Эти размышления натолкнули на мысль, что ей, Валентине Михайловне Багориной, осталось жить очень мало! Так мало, что смерть может наступить каждую минуту. И она, Валентина Михайловна, не успеет дойти до парка Победы! А там сегодня обязательно должен быть кто-то, кто расскажет все о Шурике!
— Да нет! Нельзя мне сегодня умирать! Нельзя! Слышишь, ты, безносая! Неужели ты такая бессовестная! — зашептала Валентина Михайловна. Сумка выпала из ее рук, голова закружилась. Чтобы удержаться на ногах, Валентина Михайловна ухватилась за железные прутья изгороди. Ей показалось, что изгородь начинает клониться на нее. Валентина Михайловна закрыла глаза. — «Ну, вот и все… Отжилась…» — Почему-то представилось, как ее везут хоронить, а кто-то тихонько шепчет: «Вот, ждала сына и не дождалась… А он жив…»
«Да что это я!»
Валентина Михайловна резко открыла глаза. Неподалеку, на дорожке стадиона, девочка делала дыхательные упражнения; поднимая руки — вдох, опуская руки — выдох. Вдох, выдох. Вдох, выдох.
«Так и надо: вдох, выдох… вдох, выдох…» — подумала Валентина Михайловна. Пот выступил у нее на лбу. Она почувствовала, как от щек, от пальцев рук отхлынула кровь, и лицу, и рукам стало холодно.
«Вдох, выдох… Вдох, выдох…»
Ноги ослабли. Ей хотелось сесть, но она удержала себя, вцепившись еще сильнее в железные прутья изгороди.
«Вдох, выдох… Вдох, выдох…»
Наконец ей удалось вдохнуть полной грудью. Раз. Другой. Третий… Слабость постепенно прошла. Валентина Михайловна разжала пальцы, подняла сумку и, опираясь об изгородь, сделала несколько шагов. Почувствовав уверенность, пошла, чуть придерживаясь одной рукой за железные прутья.

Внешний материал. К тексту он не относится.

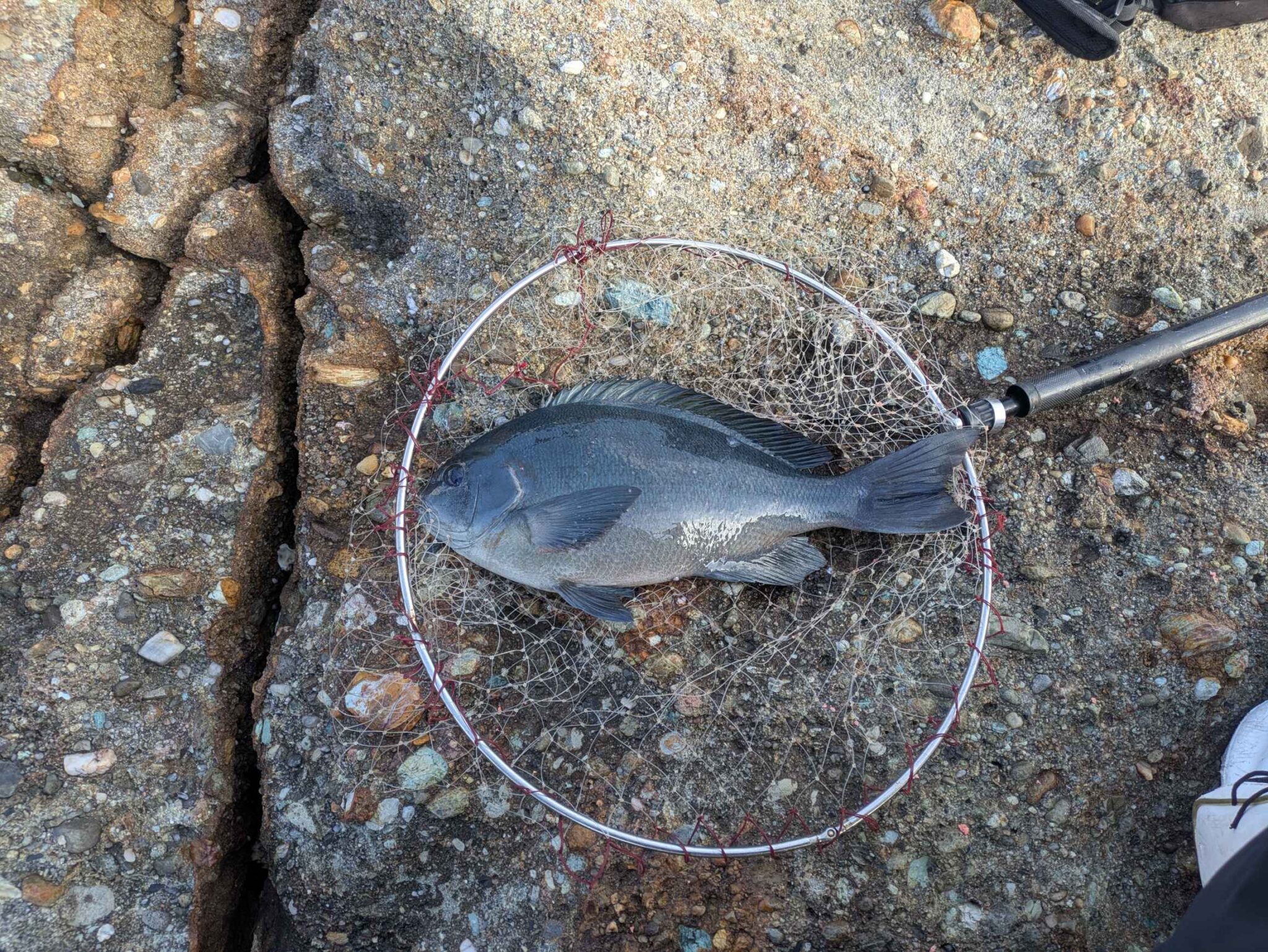 近距離~中距離15~20mを狙いますが、反応イマイチで30㎝~35㎝の尾長がポツポツ
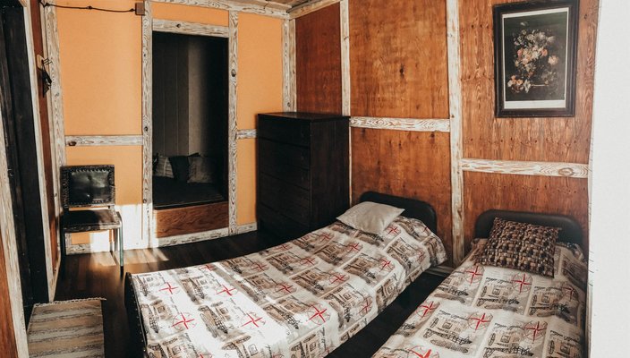 - Цена: 1000 ₽/час (в коттедже имеется гостиная, три изолированные спальни, душ, туалет, холодильник, микроволновая печь, чайник, телевизор, магнитофон, зона барбекю).

«Ничего, дойду… Вон уже и общежитие…»
Подойдя к нему, Валентина Михайловна остановилась передохнуть и замерла от удивления. Почти из каждого окна общежития смотрели на улицу куклы. Каких только не было! И тряпичные, и пластмассовые, и из какой-то пористой резины.
«Что же это за мода?!.. Куклы-то зачем?.. Чудно.. Как в детском садике…»
Было что-то в этом неприятное для Валентины Михайловны. Представилось, что стоят в окнах маленькие дети, бьют своими слабенькими ручонками в стекла и плачут.
«Они же разобьют стекла и порежутся!»
Из раскрытой форточки одного из окон первого этажа донесся девичий смех и крики:
— Светка! Светка! Ну, дай поспать!.. Чокнутая!.. Сейчас огрею подушкой по голове!..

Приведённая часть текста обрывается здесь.